Saddest thing is, I think these gals are nice. It's just that
we having way, way too many clashing qualities.


----------



## Le Beau Coeur (Jan 30, 2011)

JaySH said:


> mme
> 
> That is a little unfair, no? Fact is, most guys will have some level of interest in an attractive female even if she is just a friend. That doesn't mean they'll act on it and it doesn't mean it's the only reason for the friendship. Wen I was younger I had more female friends than male. Most of them, though the thought may have crossed my mind, I was not interested in being more. We were close friends and I knew, though attractive, they wouldn't be right for me as more...and it wasn't worth ruining our friendship.
> 
> ...


You might think it's unfair, but it's sometimes how I feel. Sorry.


----------



## JaySH (Jul 29, 2012)

Le Beau Coeur said:


> You might think it's unfair, but it's sometimes how I feel. Sorry.


Don't be sorry. I'm sorry if i offended you ...i realized maybe it wouldn't read just as another way to look at it..that yiu might think I was giving you a hard time for feeling that way..and I definitely wasn't. I didn't mean just unfair to men..but unfair to you as well as some if us men are actually standup people. That said, I certainly can appreciate why you'd feel that way. I've met many men that are perfect examples of why you would. 

Again..sorry if it read wrong. I meant no offense and I do understand.


----------



## Le Beau Coeur (Jan 30, 2011)

JaySH said:


> Don't be sorry. I'm sorry if i offended you ...i realized maybe it wouldn't read just as another way to look at it..that yiu might think I was giving you a hard time for feeling that way..and I definitely wasn't. I didn't mean just unfair to men..but unfair to you as well as some if us men are actually standup people. That said, I certainly can appreciate why you'd feel that way. I've met many men that are perfect examples of why you would.
> 
> Again..sorry if it read wrong. I meant no offense and I do understand.

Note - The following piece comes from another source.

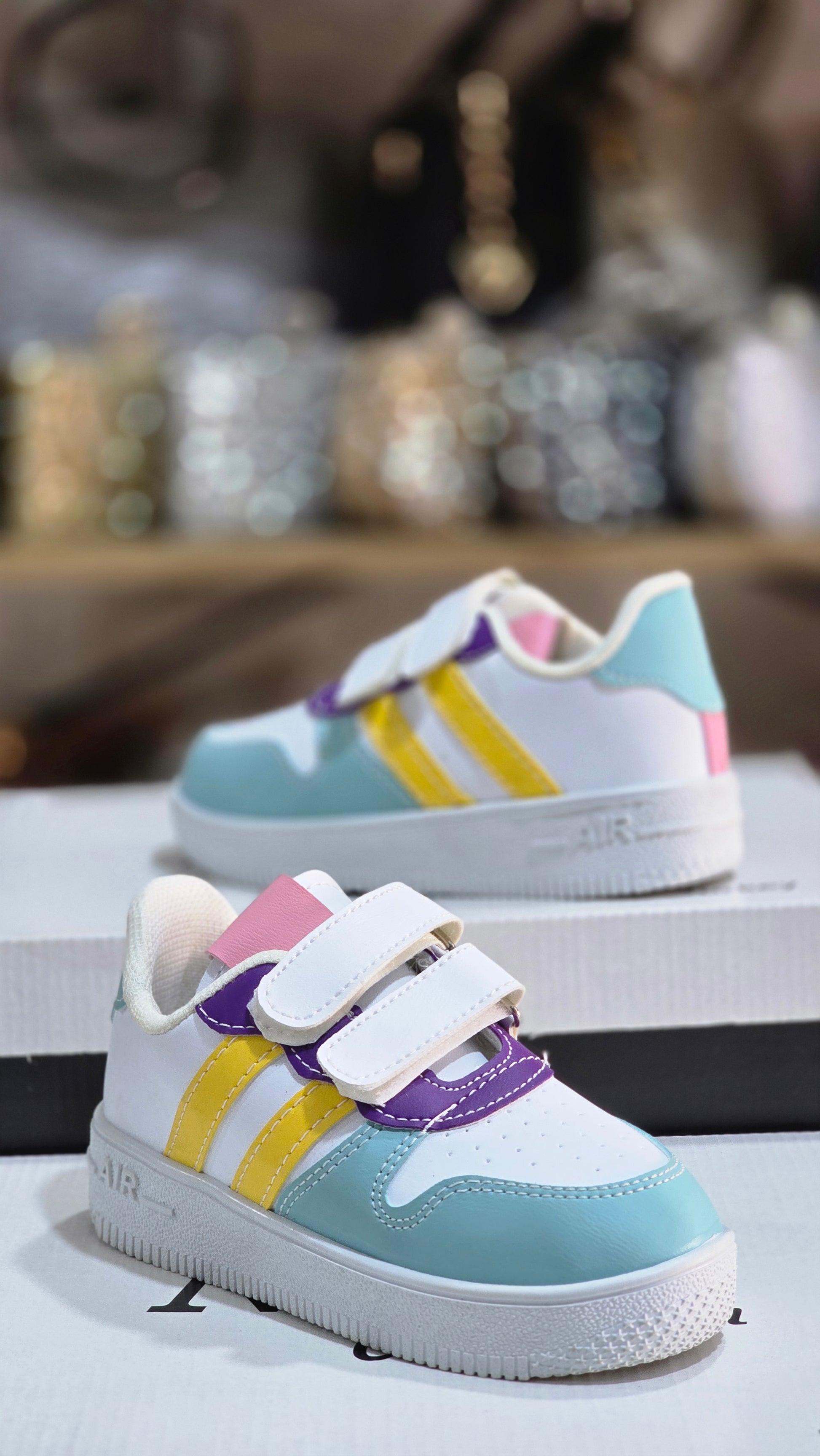 Renkli ve enerjik tasarımıyla öne çıkan bu çocuk spor ayakkabısı, hem günlük kullanımda hem de okul kombinlerinde rahatlık ve şıklığı bir arada sunar.

I think you misunderstood me. Honestly I shouldn't have been writing the last few days I just got home from the hospital as I have been very ill, so maybe I haven't been able to express myself well.

It's nothing I meant against men.


----------



## Promethea (Aug 24, 2009)

Kyandigaru said:


> @*Shinji Mimura *
> 
> so she needs to find out what about her vagina that keeps attracting "ain't shit bitches?!!!!"


I'm borrowing that term: "ain't shit bitches."


----------



## Saira (Feb 2, 2012)

@FreeSpirit

Yeah, we're very similar (and I guess we also have a similar taste in music, I _love_ your avatar). I bet we'd fight over a box. "I'll carry it." "No, here, let me!"... Just kidding, but yeah, I'm also annoyed by women (and men) who are scared of getting their hands dirty.

I also find close relationships draining. Well, maybe not draining, but I'm a total retard when it comes to socializing in general. Close relationships need both sides to give time and energy and I'm so solitary that I simply forget to call my best friends for days or even weeks. So they call me wondering if I'm alive and then, when I go out, I'm like a chipmunk on drugs. I love my friends for tolerating my social irresponsibility.


----------



## JaySH (Jul 29, 2012)

Le Beau Coeur said:


> I think you misunderstood me. Honestly I shouldn't have been writing the last few days I just got home from the hospital as I have been very ill, so maybe I haven't been able to express myself well.
> 
> It's nothing I meant against men.


I think we both are having that issue. And, since you've been sick, I imagine you haven't felt like doing much so being on here has at least kept you occupied,which is a good thing :happy:.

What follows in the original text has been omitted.